I like BB too! Though I live in west coast, it still takes about 5 - 7 days to receive the shipment from BB.


----------



## pamielynn (Jul 10, 2014)

I live in TX so BB can seem a little slow to here - but congrats to you!


----------



## AutumnBreezeSoaps (Jul 10, 2014)

LOL  I use that picture when hubby asks me where did all those extra chickens come from (I raise chickens).


----------



## AutumnBreezeSoaps (Jul 10, 2014)

The good thing about my hubby is if I say I NEED it, he says OK if you need it fine.  LOL  I NEED a lot of stuff for soap making!  RIGHT??


----------



## clhigh29 (Jul 13, 2014)

I also like BB and get almost everything from there.  But I have an awful time planning project because of the shipping.  They filled my order on Friday, June 27th.  It didn't get picked up by Fedex until Monday, June 30th, with an estimated delivery day of July 8th!  My client had to go elsewhere to get what she needed by July 9th.  Fedex blames the delay on Hurricane Arthur.  I live in the Boston area, and the storm was never a threat this far north nor anywhere along the way, staying down around the Cape and offshore.  Last year it would take a week for them to fill my order and another for shipping.  By the time I got my order, I forget WHAT I ordered.


----------



## AutumnBreezeSoaps (Jul 13, 2014)

Ya, it is hard to plan, I know I prob didn't get near enough scented oils because it takes SO much for one batch.
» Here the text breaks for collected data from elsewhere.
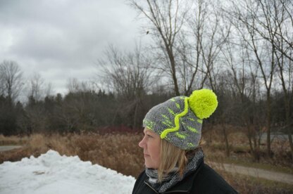 Knit up in lightweight bulky yarns, this hat is done in a flash. Add a ridiculously large pom pom to finish it off.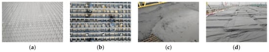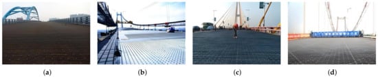 Bridge deck under construction: (a) Fochen New Bridge; (b) Hangrui Dongting Lake Bridge; (c) Queshi Bridge; (d) Fengxi Bridge.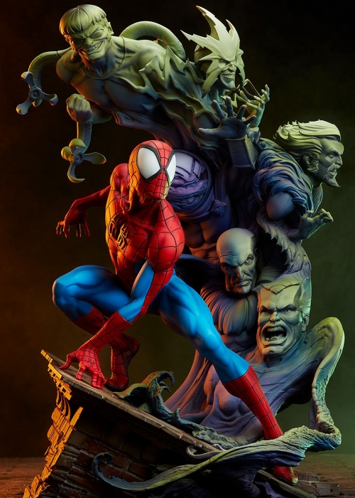 サイドショーの「マーベル」プレミアムフォーマットフィギュアシリーズに、マーベルコミックから、スパイダーマンのダイナミックなスタチューが登場です。スパイダーセンスで宿敵の接近を察するシーンを、大迫力の全高約53センチで立体化。目を見開き、臨戦態勢のスパイダーマンの背後には、「シニスター・シックス」のビジョンを造形。ドクター・オクトパス、エレクトロ、クレイヴン・ザ・ハンター、ミステリオ、ヴァルチャー、サンドマン…。今そこに迫ろうとしている敵の脅威を精巧な造形でみごと表現しています。台座は、レンガ造りの建物が造形されたジオラマ風に。親愛なる隣人として街の人々を守りたいという、ピーターの強い覚悟が伝わってくる仕上がりとなりました。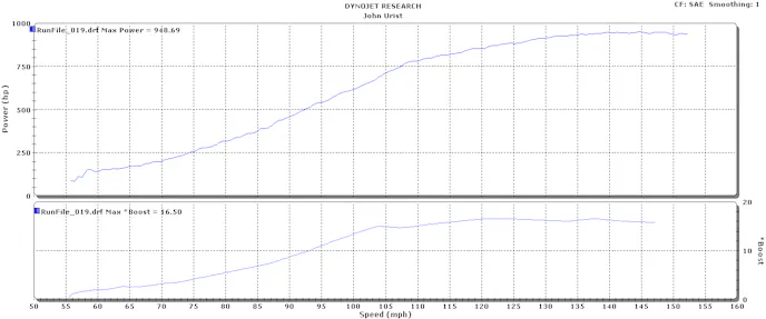 Urist, sent us a text message earlier today letting us know that there was a new video, showing what happens when he tapped the button on the Turbosmart EBoost2 controller and took things from 12-14 psi up just a notch to 16.5 psi. That small bump in boost doesn’t sound like much, but on this car it made a major difference. Add in an updated tune from Blow By Racing, and the car was making a staggering 949 hp and 806 ft-lbs of torque.

I didn't figure in for that.


----------



## seven (Jul 13, 2014)

jealous to all of you in the US. i can only get limited BB products from a supplier in Aussie that carry some of BB stuff.


----------



## AutumnBreezeSoaps (Jul 14, 2014)

Seven, that would be horrific.  I would not enjoy that at all!


----------



## Aline (Jul 14, 2014)

I am in Hawaii but it only takes 2-3 days priority mail from Bellingham  And they are wonderful about using flat rate boxes (but I have to ask).


----------